• TASK TO COMPLETE
In the entries below, find the line with "Lacivert Göğüs Pul", then set it down exactly along with each line after it to the end, skipping any pictures.

• SUPPLIED INFORMATION
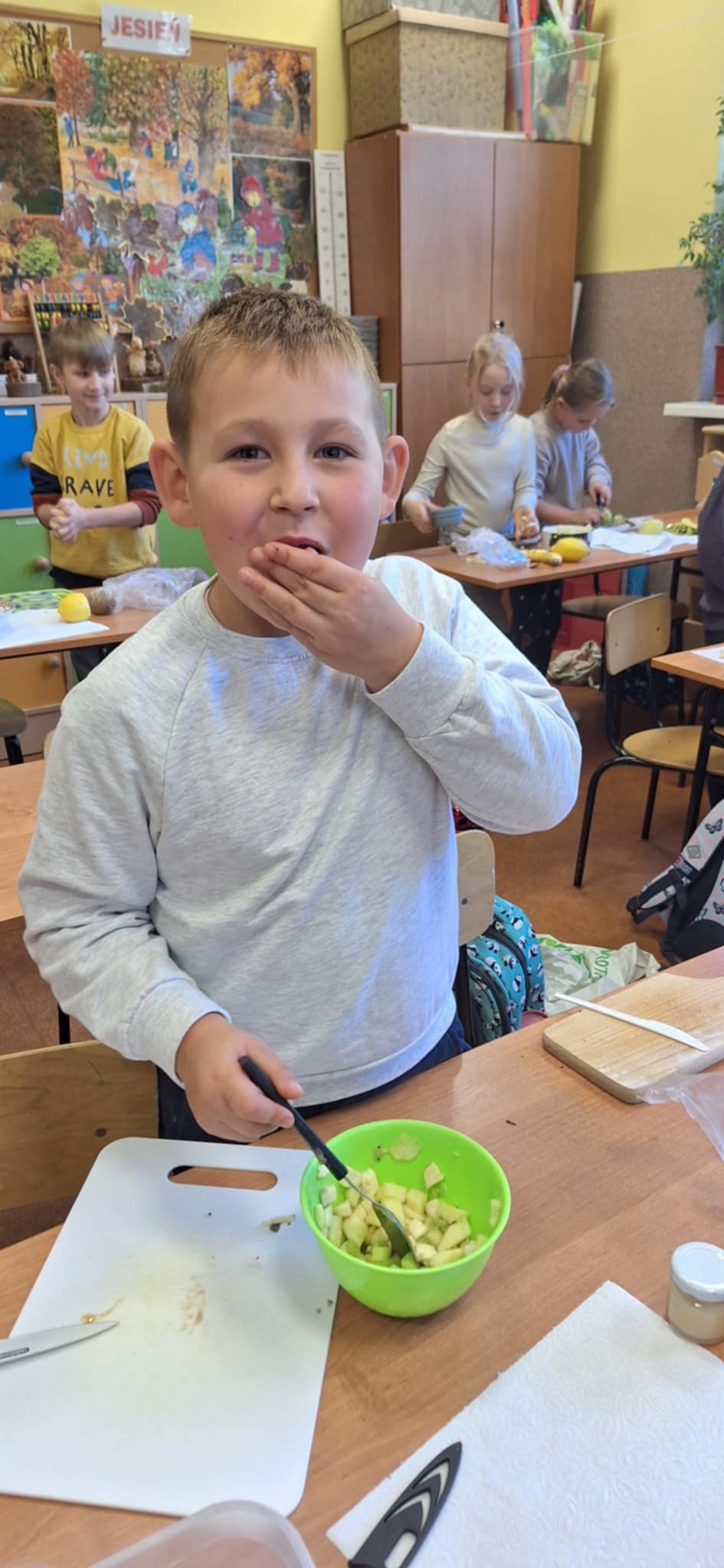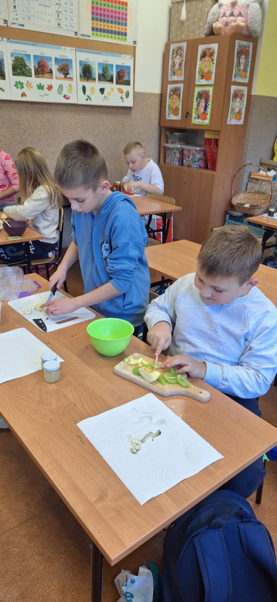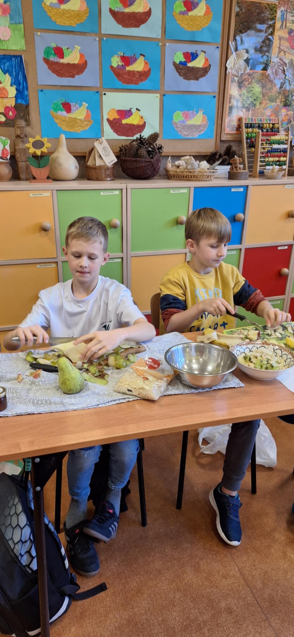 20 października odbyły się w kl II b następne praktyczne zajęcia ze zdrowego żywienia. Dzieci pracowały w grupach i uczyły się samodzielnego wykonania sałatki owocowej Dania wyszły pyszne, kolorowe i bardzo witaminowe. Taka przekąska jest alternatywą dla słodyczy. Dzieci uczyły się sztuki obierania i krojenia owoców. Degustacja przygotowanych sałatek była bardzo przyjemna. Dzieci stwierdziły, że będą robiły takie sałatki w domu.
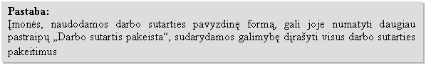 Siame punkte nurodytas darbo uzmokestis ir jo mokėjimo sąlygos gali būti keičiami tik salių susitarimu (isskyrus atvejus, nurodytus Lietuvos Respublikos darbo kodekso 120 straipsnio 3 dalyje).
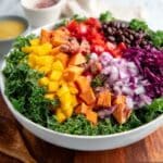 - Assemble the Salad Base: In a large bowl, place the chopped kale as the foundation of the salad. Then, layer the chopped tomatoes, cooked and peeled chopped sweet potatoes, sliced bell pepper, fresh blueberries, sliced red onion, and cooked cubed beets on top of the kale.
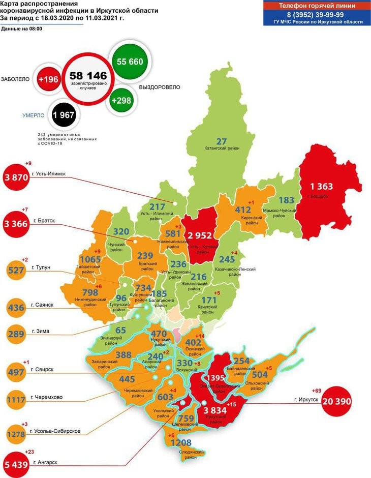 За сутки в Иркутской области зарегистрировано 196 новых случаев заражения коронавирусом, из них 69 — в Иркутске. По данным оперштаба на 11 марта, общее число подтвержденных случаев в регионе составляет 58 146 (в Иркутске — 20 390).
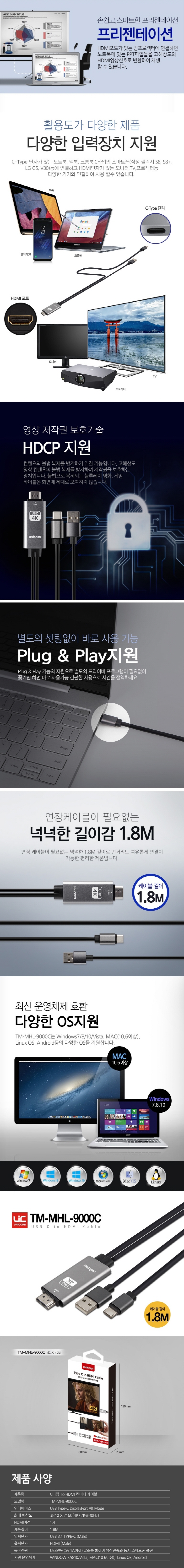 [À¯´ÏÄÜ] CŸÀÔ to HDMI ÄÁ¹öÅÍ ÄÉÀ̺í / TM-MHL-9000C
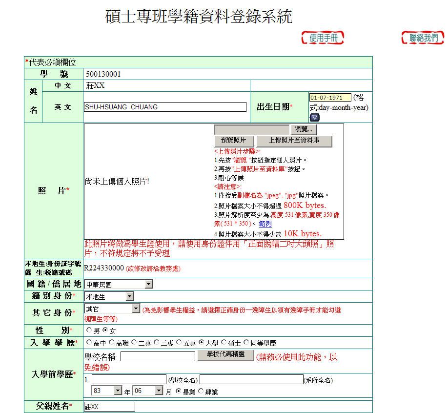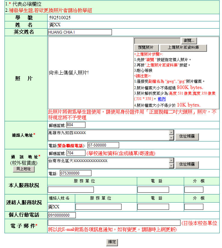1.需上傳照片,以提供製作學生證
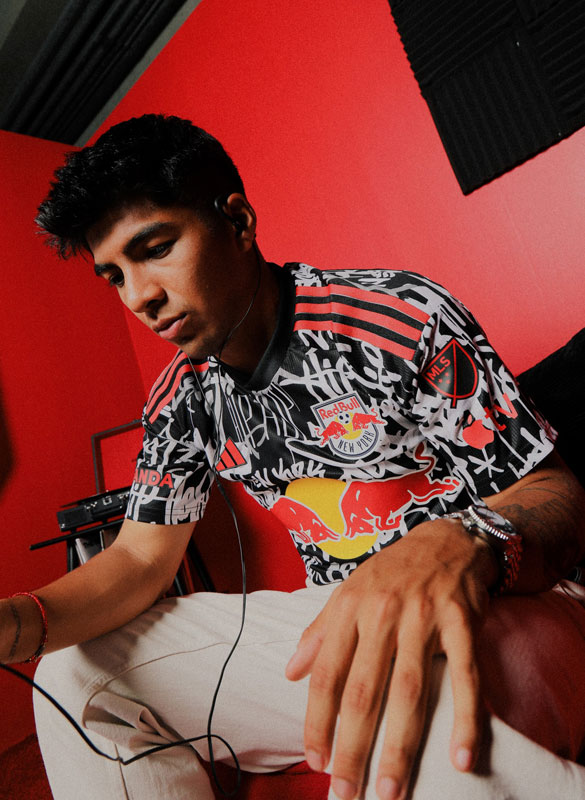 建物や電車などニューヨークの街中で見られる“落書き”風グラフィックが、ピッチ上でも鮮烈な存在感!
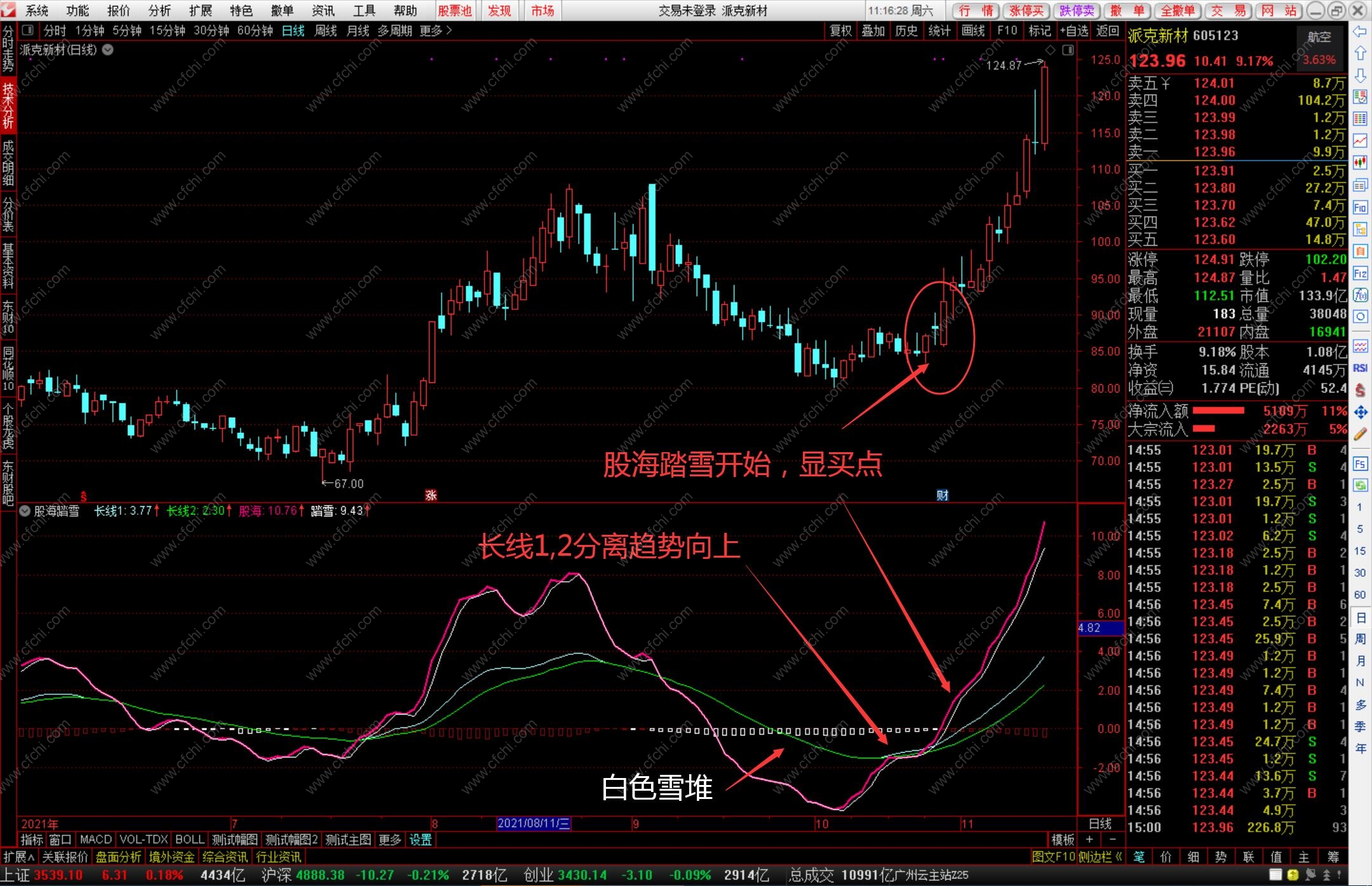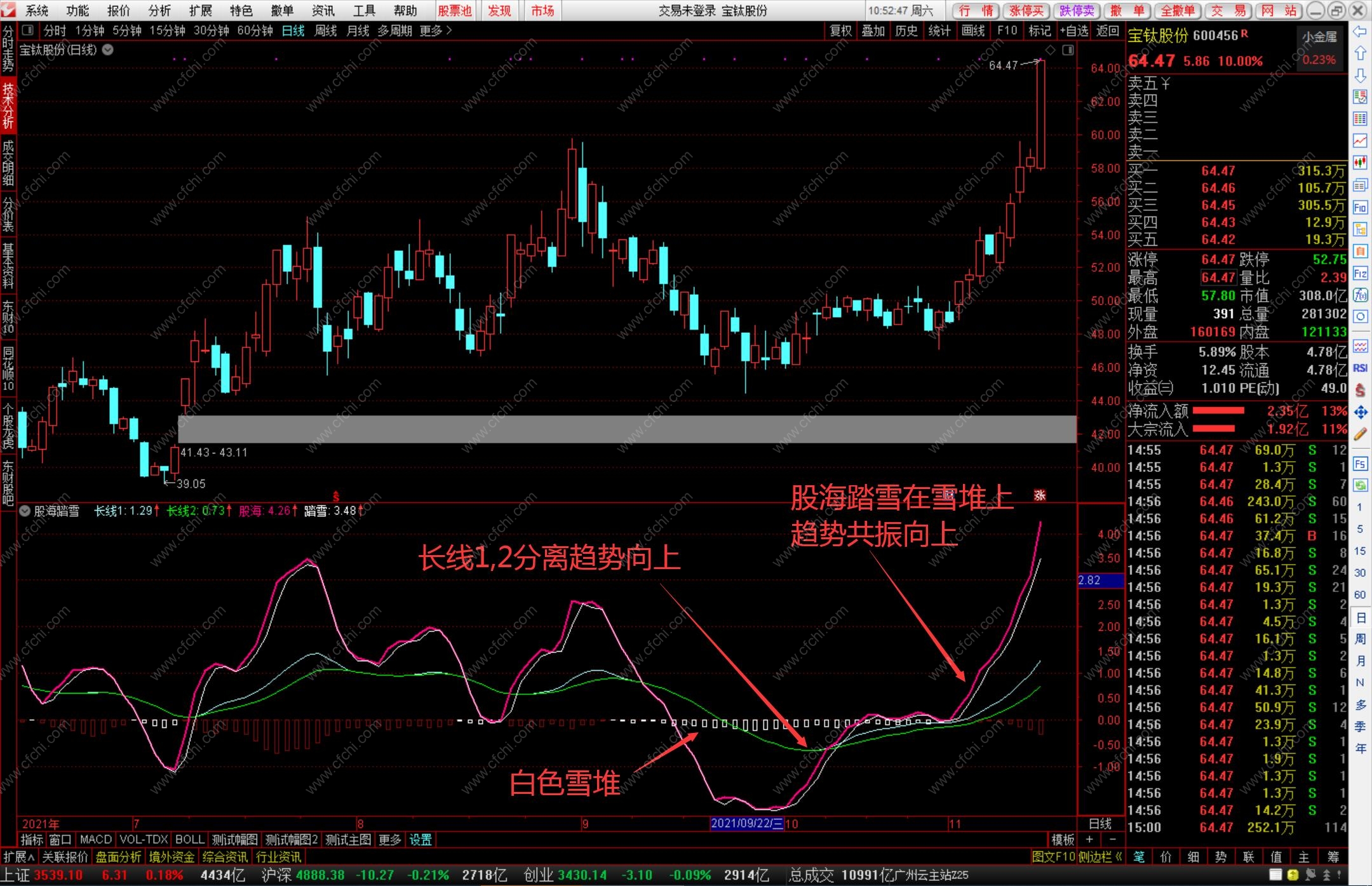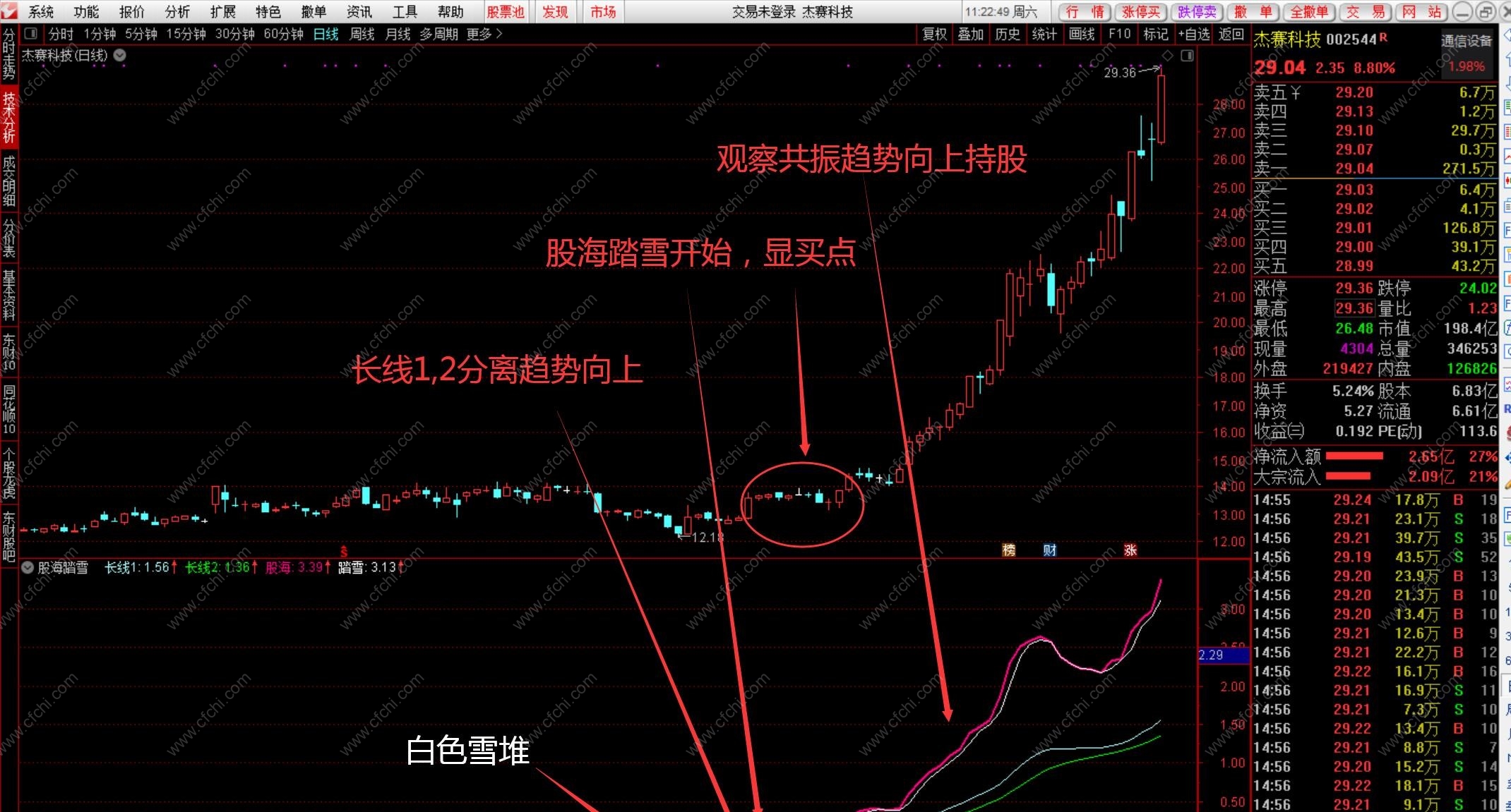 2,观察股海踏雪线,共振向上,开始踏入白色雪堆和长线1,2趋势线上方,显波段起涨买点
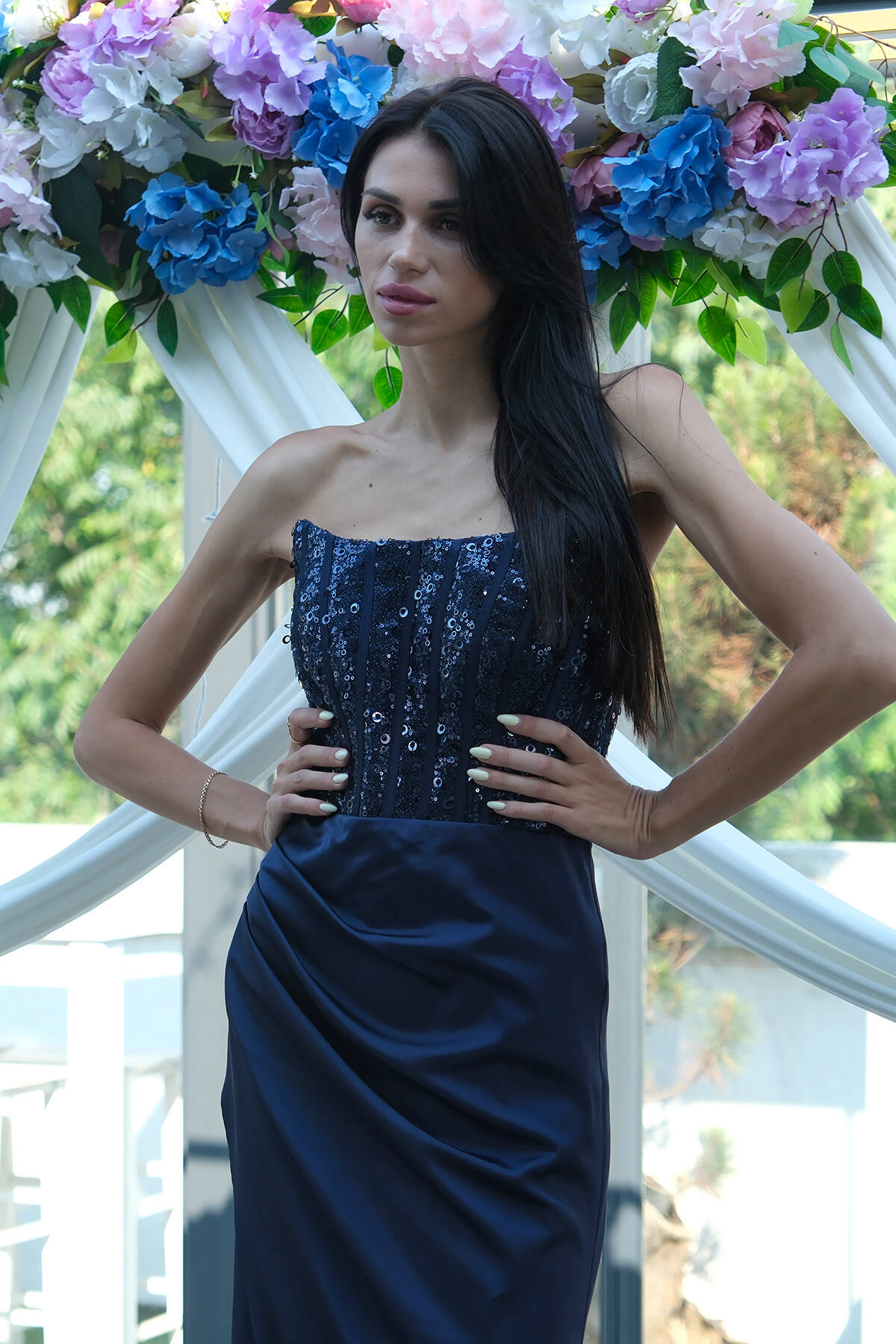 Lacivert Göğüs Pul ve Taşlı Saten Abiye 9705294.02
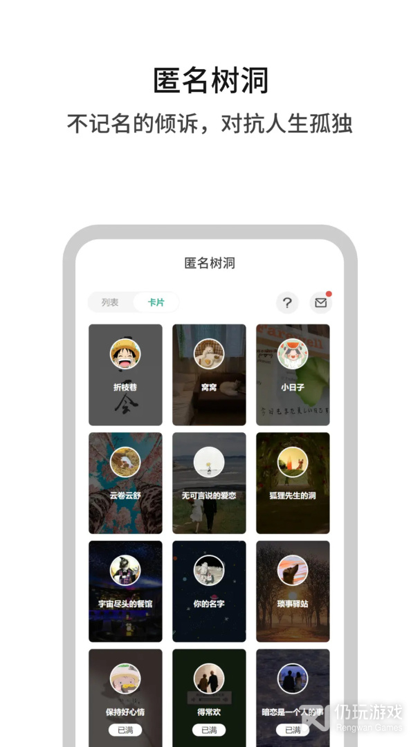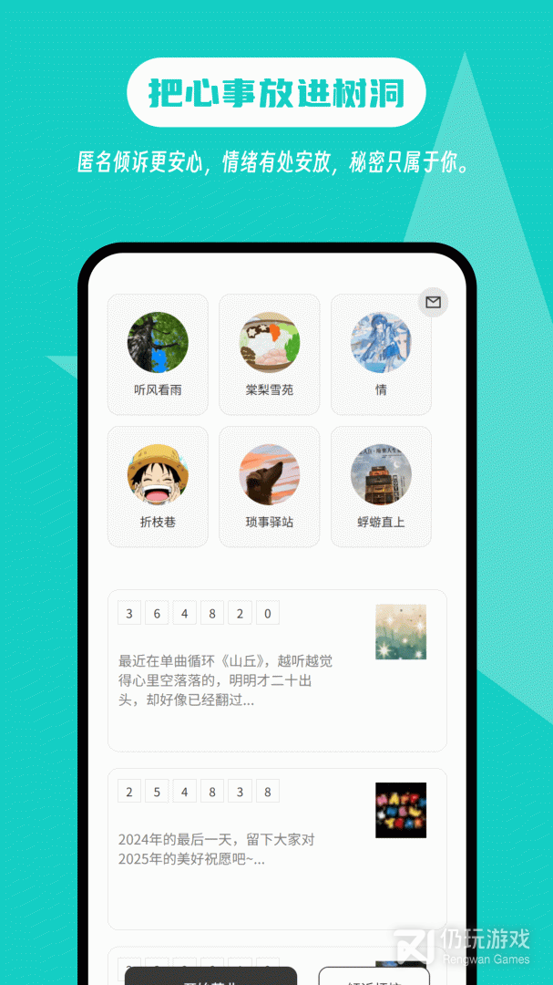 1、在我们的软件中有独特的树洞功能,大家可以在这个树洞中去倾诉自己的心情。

• SOLUTION TO THIS EXERCISE
 Lacivert Göğüs Pul ve Taşlı Saten Abiye 9705294.02
 1、在我们的软件中有独特的树洞功能,大家可以在这个树洞中去倾诉自己的心情。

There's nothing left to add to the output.